===== TASK MATERIAL

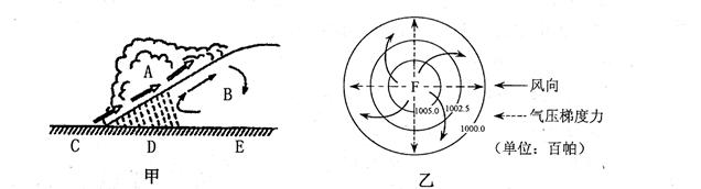 (2)甲图为 锋天气图。该锋面过境后,E地天气状况是 。
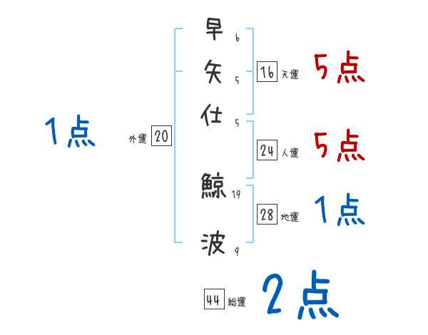 天運![]() | 早矢仕鯨波さんの天運は16画の5つ星!人望が厚く大きく発展する。逆転成功が見える。 家系が持つ宿命的な運勢を表します。祖先から受け継いだ苗字ですので自分の力が及びません。家柄を象徴します。 |
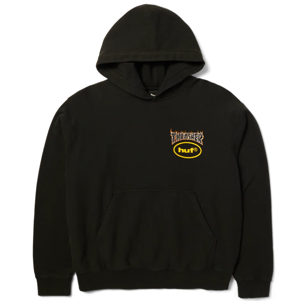 Huf X Thrasher Meltdown Heavyweight Hood | Washed Black
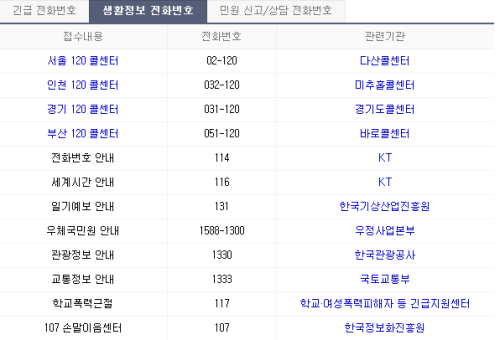 ” “생활정보 전화번호
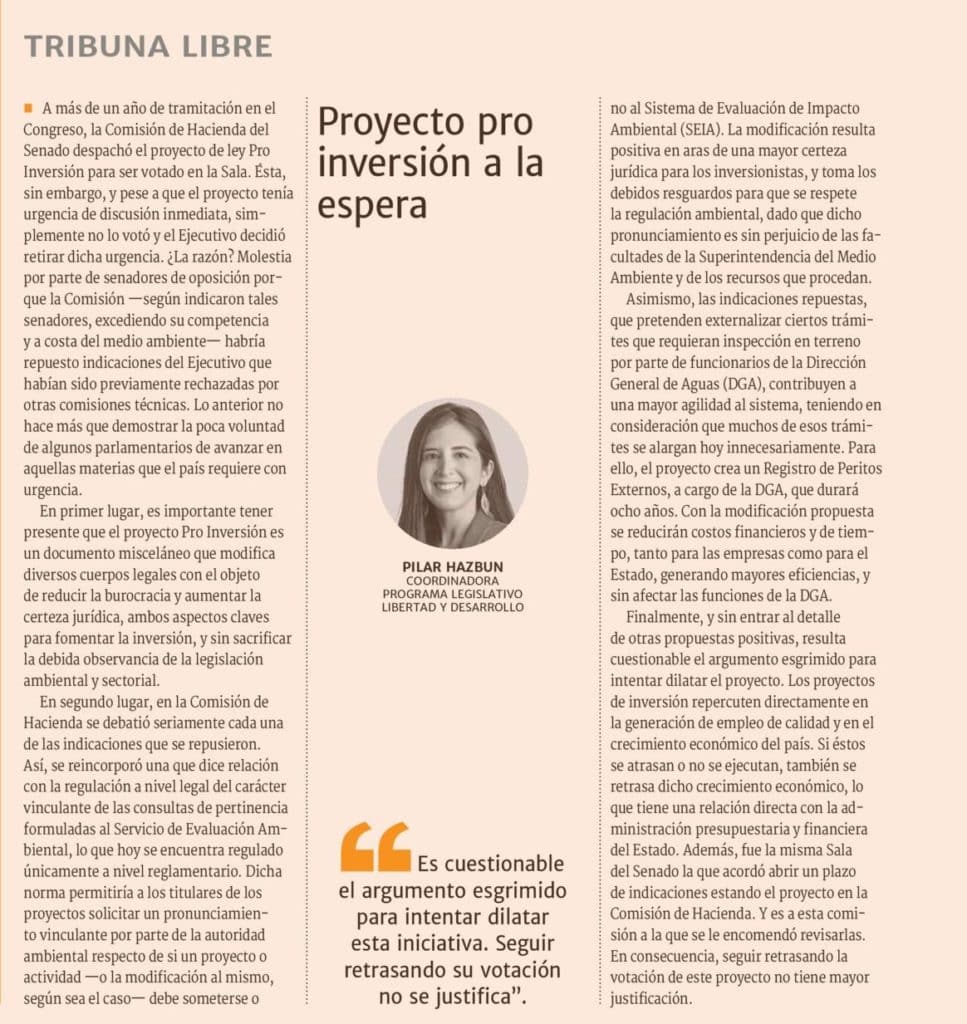Columna de Pilar Hazbún, Coordinadora Programa legislativo de Libertad y Desarrollo, publicada en El Diario Financiero.-

==========

* _REQUIRED ACTION_
Repeat word for word, and nothing more, the lines between the line containing "Huf X Thrasher" and the last line of the records above, inclusive, without pictures.

* _RESPONSE AREA_
 Huf X Thrasher Meltdown Heavyweight Hood | Washed Black
 ” “생활정보 전화번호
Columna de Pilar Hazbún, Coordinadora Programa legislativo de Libertad y Desarrollo, publicada en El Diario Financiero.-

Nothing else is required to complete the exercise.